_COLLECTED DATA_
::::::::::

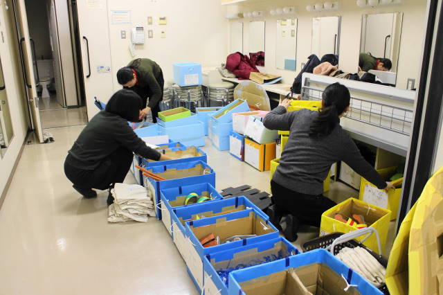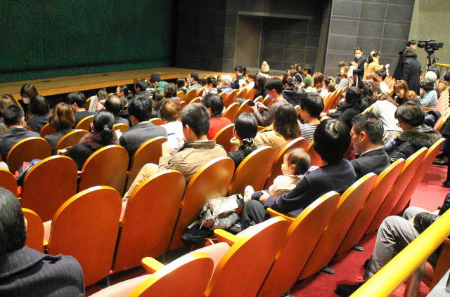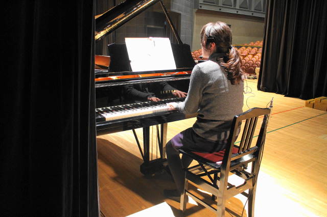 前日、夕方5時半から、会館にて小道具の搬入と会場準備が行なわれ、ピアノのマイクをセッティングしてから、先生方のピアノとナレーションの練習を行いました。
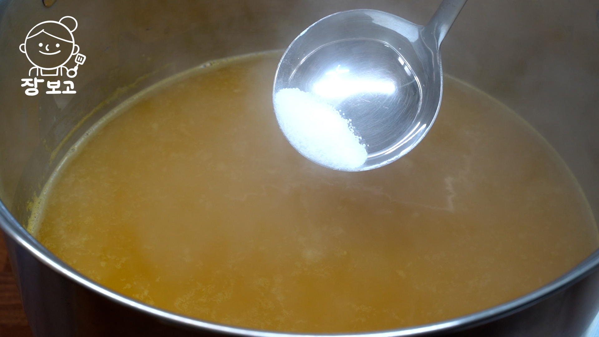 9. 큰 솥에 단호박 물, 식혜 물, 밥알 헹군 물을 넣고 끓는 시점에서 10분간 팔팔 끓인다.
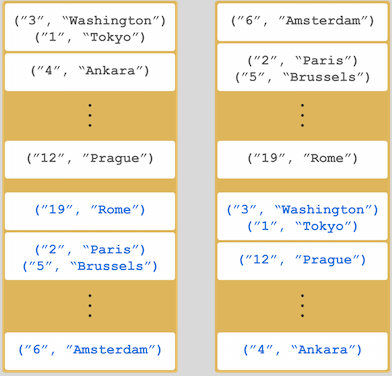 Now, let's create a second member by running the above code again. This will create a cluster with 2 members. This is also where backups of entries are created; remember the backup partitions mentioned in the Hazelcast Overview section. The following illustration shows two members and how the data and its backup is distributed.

::::::::::

_EXERCISE DETAILS_
The output must start at the line holding "9. 큰 솥에 단호박", end at the last line of the listing above, and show each line exactly; please omit all pictures.

_EXERCISE ANSWER_
 9. 큰 솥에 단호박 물, 식혜 물, 밥알 헹군 물을 넣고 끓는 시점에서 10분간 팔팔 끓인다.
 Now, let's create a second member by running the above code again. This will create a cluster with 2 members. This is also where backups of entries are created; remember the backup partitions mentioned in the Hazelcast Overview section. The following illustration shows two members and how the data and its backup is distributed.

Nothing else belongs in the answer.